Answer
The following is the structure or name for each compound:
Work Step by Step
Question a:
Step 1: main prefix is ‘oct’. So, the no. of C in straight chain is 8. Draw 8 C in straight chain and join them with single bond and numbering 1 to 8 from right to left.
Step 2: ending name is ‘anoic acid’. So, Carboxylic acid group present here and it is present at no. 1 Carbon. Add the functional group at right end side
Step 3: The remaining valency is filled with H.
Question b:
Step 1: See the structure and identify the functional group. Ester group is present here. So, first we have to see what alkyl group is join with the O atom of the functional group at right side. Here, it is ‘methyl’ group that join with the O atom of the ester group. So, the 1st prefix name is ‘methyl’.
Step 2: Now see the remaining portion of the compound and count the total no. of C in remaining part. Here, the total no. of C is 2 in the remaining part. So, ‘eth’ is added as second prefix and a space is given between first prefix and second prefix.
Step 3: Now, for ester group the ending name is ‘anoate’. There should be no gap present between second prefix and ending name while naming ester.

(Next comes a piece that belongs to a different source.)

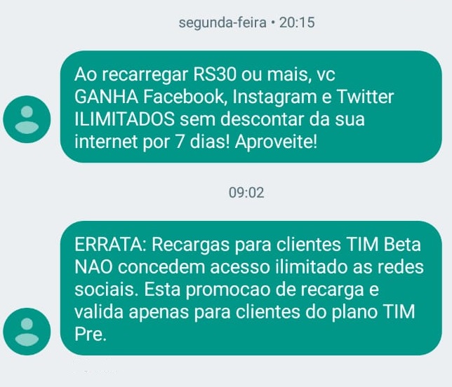 O SMS foi disparado pela operadora nesta última segunda-feira (18) para vários clientes do TIM beta. Acontece que, na manhã desta quarta-feira (20), dois dias depois, a TIM enviou um SMS informando uma errata e esclarecendo: “Recargas para clientes TIM Beta NÃO concedem acesso ilimitado às redes sociais”.

So, the complete name is : methyl ethanoate
Question c:
Step 1: look at the ending name. It is ‘anoate’. That means this is ‘ester’. Draw the ester functional group.
Step 2: The first name is ‘ethyl’. So, add ethyl group on the right side of the functional group and the second prefix name is ‘but’. That means the total no. of C (excluding ethyl group on the right side of the functional group) is 4. One C is already present in the functional group. So, we have to add three C on the left side and the remaining valency of each C is then filled with H.
Question d:
Step 1: See the structure and count the no. of C in straight chain. Here, it is 7. So, the main prefix of the name is ‘hept’.
Step 2: Identify the functional group. Here, it is Carboxylic Acid. So, the ending name will be ‘anoic acid’.
So, the complete name is ‘heptanoic acid’.